* SUPPLIED INFORMATION
--*--
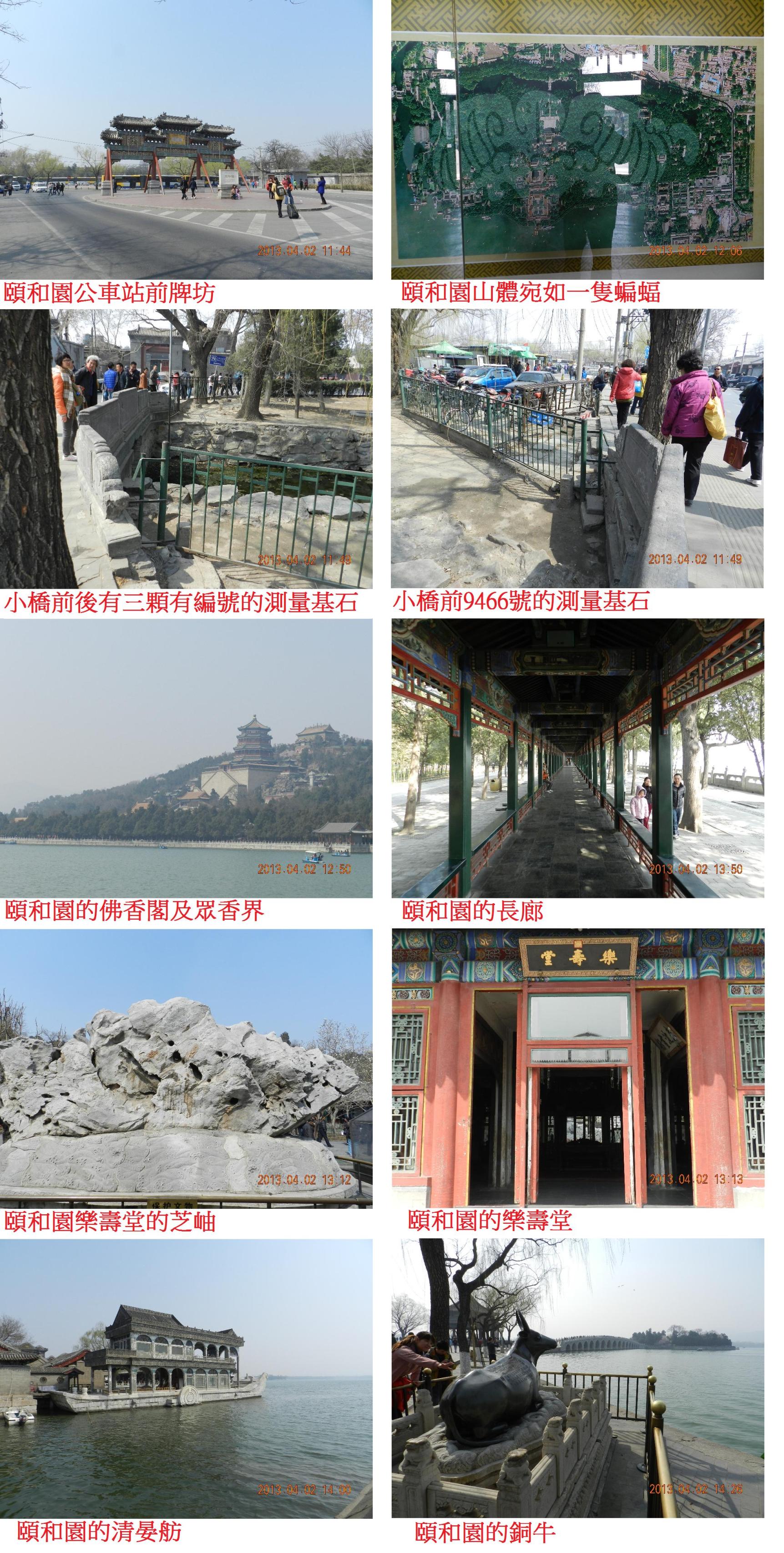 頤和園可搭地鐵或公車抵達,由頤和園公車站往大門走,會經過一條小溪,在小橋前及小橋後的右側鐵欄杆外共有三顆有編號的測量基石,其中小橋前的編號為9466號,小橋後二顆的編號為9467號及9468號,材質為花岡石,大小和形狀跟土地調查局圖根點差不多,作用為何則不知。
--*--
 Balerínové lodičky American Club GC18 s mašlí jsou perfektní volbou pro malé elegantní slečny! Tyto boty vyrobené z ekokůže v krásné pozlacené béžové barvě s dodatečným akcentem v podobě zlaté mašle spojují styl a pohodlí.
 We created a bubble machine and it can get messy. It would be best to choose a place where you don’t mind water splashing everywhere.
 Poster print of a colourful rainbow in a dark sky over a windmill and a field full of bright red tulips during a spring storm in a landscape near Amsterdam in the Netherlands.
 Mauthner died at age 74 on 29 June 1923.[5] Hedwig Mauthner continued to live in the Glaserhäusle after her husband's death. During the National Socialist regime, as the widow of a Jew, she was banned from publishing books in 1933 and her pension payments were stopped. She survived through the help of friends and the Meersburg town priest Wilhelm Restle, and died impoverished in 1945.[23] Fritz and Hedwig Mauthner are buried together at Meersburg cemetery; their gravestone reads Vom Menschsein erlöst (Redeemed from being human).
--*--
* EXERCISE DIRECTIONS
Restate word for word the entries above, starting at the line with "Balerínové lodičky American" and ending at the line with "Poster print of", inclusive, and no others.

* WRITTEN RESPONSE
 Balerínové lodičky American Club GC18 s mašlí jsou perfektní volbou pro malé elegantní slečny! Tyto boty vyrobené z ekokůže v krásné pozlacené béžové barvě s dodatečným akcentem v podobě zlaté mašle spojují styl a pohodlí.
 We created a bubble machine and it can get messy. It would be best to choose a place where you don’t mind water splashing everywhere.
 Poster print of a colourful rainbow in a dark sky over a windmill and a field full of bright red tulips during a spring storm in a landscape near Amsterdam in the Netherlands.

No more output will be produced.